## YOUR GOAL
Skip all pictures. Write out the data below from its first line through the line that contains "충전기 흡입 카드 포장]]".

## DATA
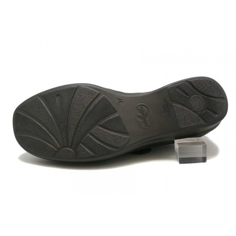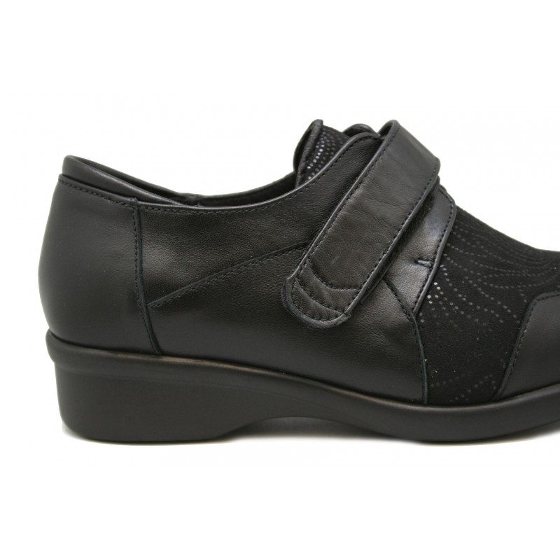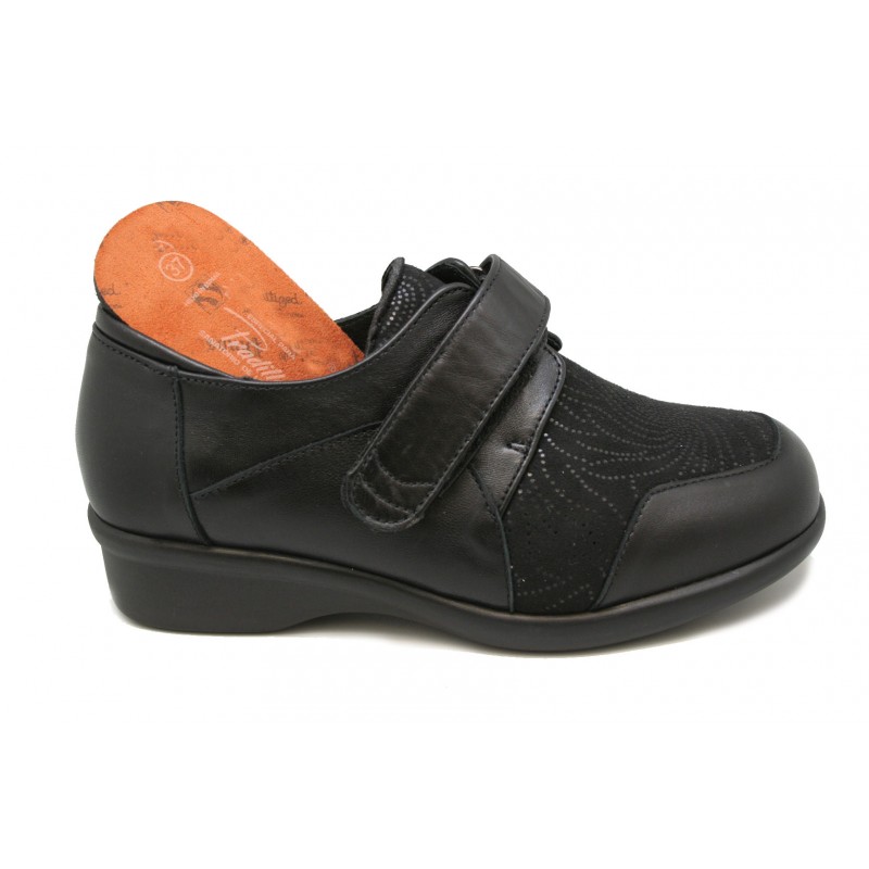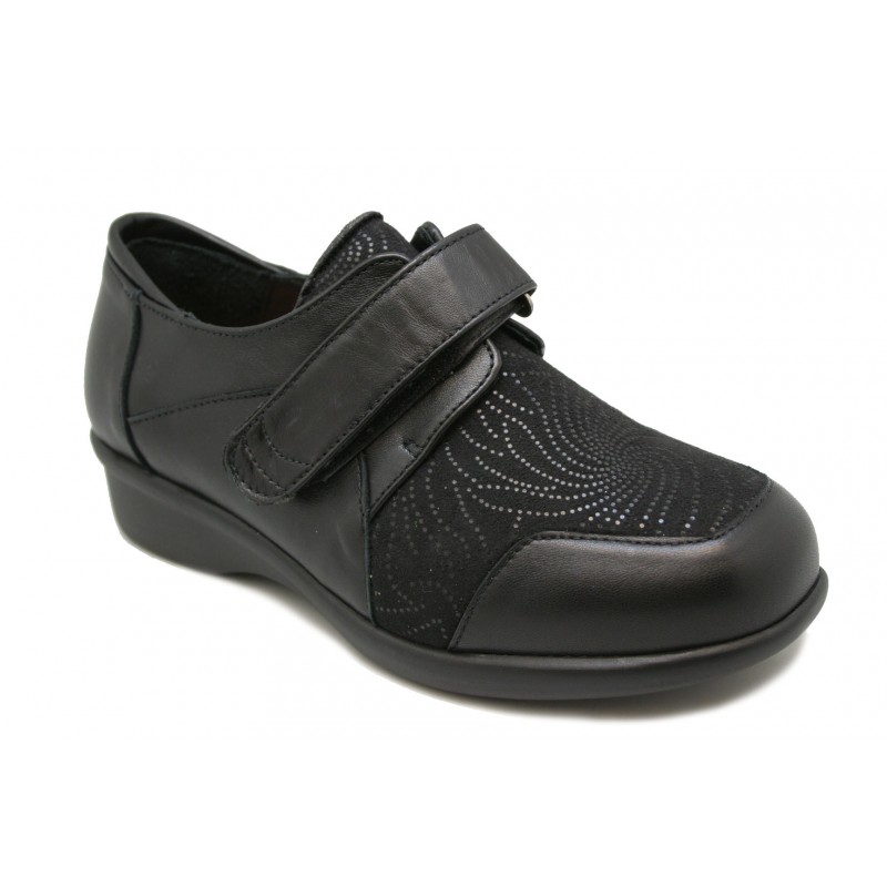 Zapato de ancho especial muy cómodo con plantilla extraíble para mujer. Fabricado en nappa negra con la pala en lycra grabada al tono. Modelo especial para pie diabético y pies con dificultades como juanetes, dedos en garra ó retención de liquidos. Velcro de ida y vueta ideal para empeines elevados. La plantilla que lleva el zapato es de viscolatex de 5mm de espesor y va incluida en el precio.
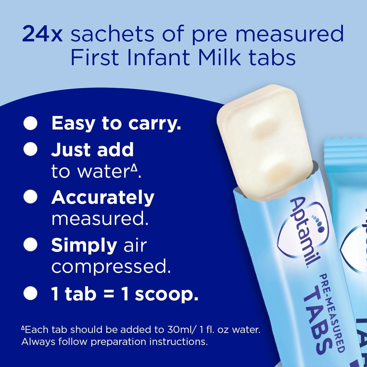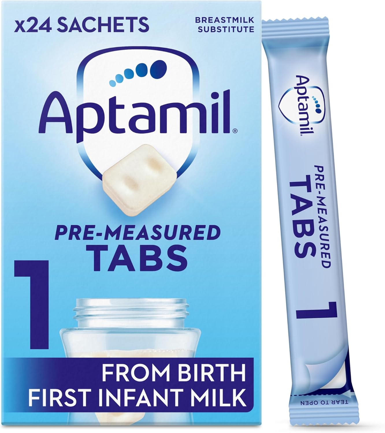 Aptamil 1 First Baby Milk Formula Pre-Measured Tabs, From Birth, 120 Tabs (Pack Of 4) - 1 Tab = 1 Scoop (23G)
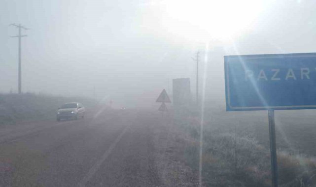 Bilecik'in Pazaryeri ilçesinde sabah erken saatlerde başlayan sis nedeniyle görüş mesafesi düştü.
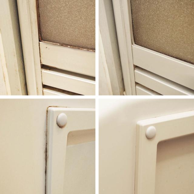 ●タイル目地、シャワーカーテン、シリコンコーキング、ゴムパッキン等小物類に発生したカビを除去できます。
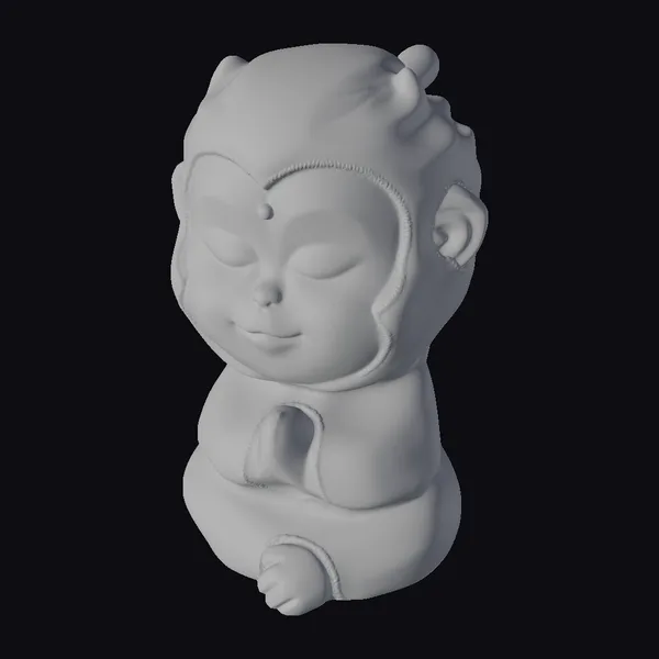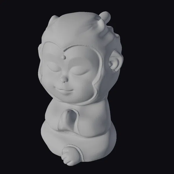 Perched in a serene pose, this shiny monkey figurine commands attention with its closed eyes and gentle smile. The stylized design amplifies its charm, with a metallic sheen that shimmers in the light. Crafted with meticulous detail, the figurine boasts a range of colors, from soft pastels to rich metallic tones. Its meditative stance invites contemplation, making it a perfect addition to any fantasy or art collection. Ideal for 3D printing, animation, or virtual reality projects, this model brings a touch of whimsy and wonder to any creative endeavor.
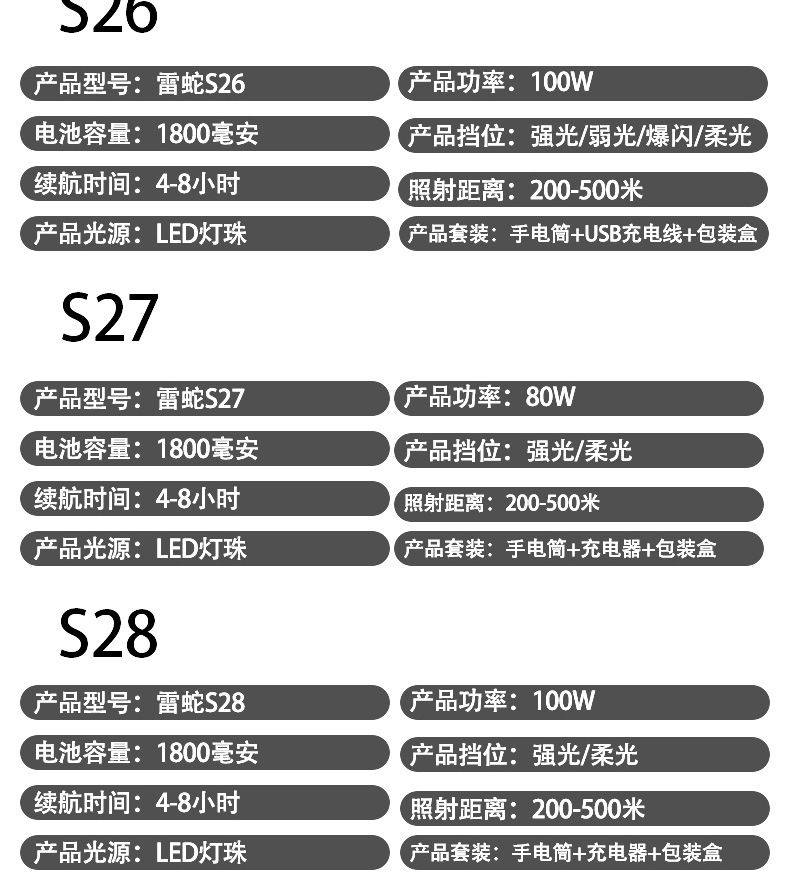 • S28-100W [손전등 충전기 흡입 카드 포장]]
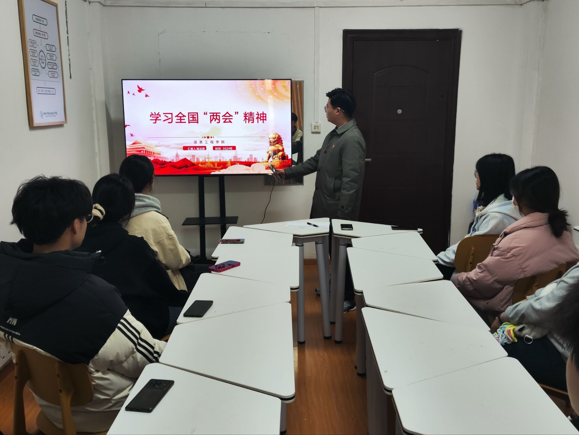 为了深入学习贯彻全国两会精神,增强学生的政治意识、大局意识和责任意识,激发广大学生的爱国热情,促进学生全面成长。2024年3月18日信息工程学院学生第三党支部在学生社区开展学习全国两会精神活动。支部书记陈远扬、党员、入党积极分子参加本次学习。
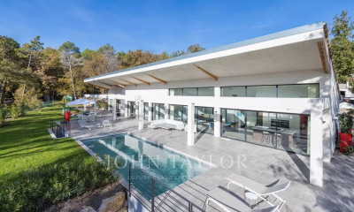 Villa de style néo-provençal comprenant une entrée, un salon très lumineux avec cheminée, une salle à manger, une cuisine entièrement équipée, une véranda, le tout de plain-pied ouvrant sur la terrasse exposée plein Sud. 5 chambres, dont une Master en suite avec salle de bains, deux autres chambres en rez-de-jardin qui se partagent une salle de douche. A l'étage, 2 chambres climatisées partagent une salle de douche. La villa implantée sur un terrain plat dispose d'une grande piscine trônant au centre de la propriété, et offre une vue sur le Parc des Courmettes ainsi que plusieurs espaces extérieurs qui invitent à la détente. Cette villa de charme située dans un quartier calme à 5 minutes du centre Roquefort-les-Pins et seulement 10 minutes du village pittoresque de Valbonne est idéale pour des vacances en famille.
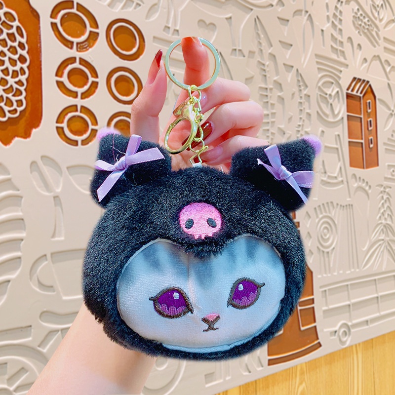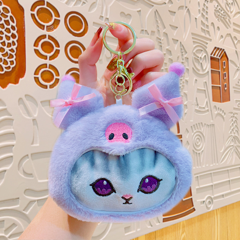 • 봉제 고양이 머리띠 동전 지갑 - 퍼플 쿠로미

## EXERCISE ANSWER
 Zapato de ancho especial muy cómodo con plantilla extraíble para mujer. Fabricado en nappa negra con la pala en lycra grabada al tono. Modelo especial para pie diabético y pies con dificultades como juanetes, dedos en garra ó retención de liquidos. Velcro de ida y vueta ideal para empeines elevados. La plantilla que lleva el zapato es de viscolatex de 5mm de espesor y va incluida en el precio.
 Aptamil 1 First Baby Milk Formula Pre-Measured Tabs, From Birth, 120 Tabs (Pack Of 4) - 1 Tab = 1 Scoop (23G)
 Bilecik'in Pazaryeri ilçesinde sabah erken saatlerde başlayan sis nedeniyle görüş mesafesi düştü.
 ●タイル目地、シャワーカーテン、シリコンコーキング、ゴムパッキン等小物類に発生したカビを除去できます。
 Perched in a serene pose, this shiny monkey figurine commands attention with its closed eyes and gentle smile. The stylized design amplifies its charm, with a metallic sheen that shimmers in the light. Crafted with meticulous detail, the figurine boasts a range of colors, from soft pastels to rich metallic tones. Its meditative stance invites contemplation, making it a perfect addition to any fantasy or art collection. Ideal for 3D printing, animation, or virtual reality projects, this model brings a touch of whimsy and wonder to any creative endeavor.
 • S28-100W [손전등 충전기 흡입 카드 포장]]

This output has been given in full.